In the lead up to UFC Dublin, the original opponent of ‘The Notorious’ Cole Miller pulled out presenting what the Irishman felt would be an ideal opportunity for Poirier to step in. The idea of the two facing each other had already been floated at this stage. If McGregor was successful against Miller, UFC Tonight reported that the SBG fighter would meet Poirier in a title eliminator showdown.
“I haven’t got a clue about him, who cares about him? He’s supposed to be a top ten guy and this is a main event fight,” McGregor berated Poirier when Diego Brandao was confirmed as Miller’s replacement for the main attraction of UFC Dublin. “He’s team-mates with Cole so he knew he was going to pull out. Did you hear him campaign for this fight?
“He could’ve main evented a UFC card, there’s only a few of these featherweights that have been the main event before. He’s trying to talk about earning stripes and shit like that, this is the main event of the fastest selling UFC event in history and when the injury happened there was silence from these people. I don’t dwell on these idiots, yeah?”

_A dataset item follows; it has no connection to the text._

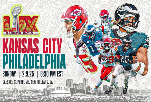 El Super Bowl LIX, la fiesta más grande del deporte en los Estados Unidos, regresa con uno de los juegos más esperados por la afición de la National Football League (NFL). Los Kansas City Chiefs, del quarterback Patrick Mahomes, esperan conseguir un histórico tricampeonato ante los Philadelphia Eagles, de Jalen Hurts, quienes esperan cobrarse la revancha de aquella final en la edición del Super Tazón LVII (2023) y por fin levantar el trofeo Vince Lombardi.

Whether the American was available for the bout or not, the sound bite certainly kept interest in a potential matchup between the two high and Poirier added further fuel to the fire the day before the UFC’s Dublin return. He tweeted: “I hope Conor wins tomorrow so I can beat his ass”, “He needs a slice of humble pie and I (am) just the man for the job” and “He doesn't even deserve to be in there with a real man like me but I'll make an exception to shut his loud mouth.”
As soon as McGregor’s hand was raised on July 19 his focus turned to Poirier and it wasn’t long before their date was set for UFC 178 on September 27. On a media tour a fortnight after the historic July 19 event in the US, the Irishman shared a stage with the ATT fighter and used the opportunity to showcase some of his public speaking skills.
“Dustin thinks it’s all talk but when he wakes up with his nose plastered on the other side of his face, he’s going to know it’s not all talk,” began his tirade which would go on to attack the durability of Poirier’s chin, his hometown and much more.
Despite proclaiming he would “shut his loud mouth”, Poirier sat back and watched as the Irishman provoked laughter from the gathering with punchlines that were more often than not focused on ‘The Diamond’. Frank Shamrock’s description of fighting Nick Diaz came to mind as a muted Poirier refused to get caught up in the exchange—“You know what,” Shamrock explained while commentating on Diaz’s bout with Paul Daley, “you just can’t imagine that he’s doing that to you.”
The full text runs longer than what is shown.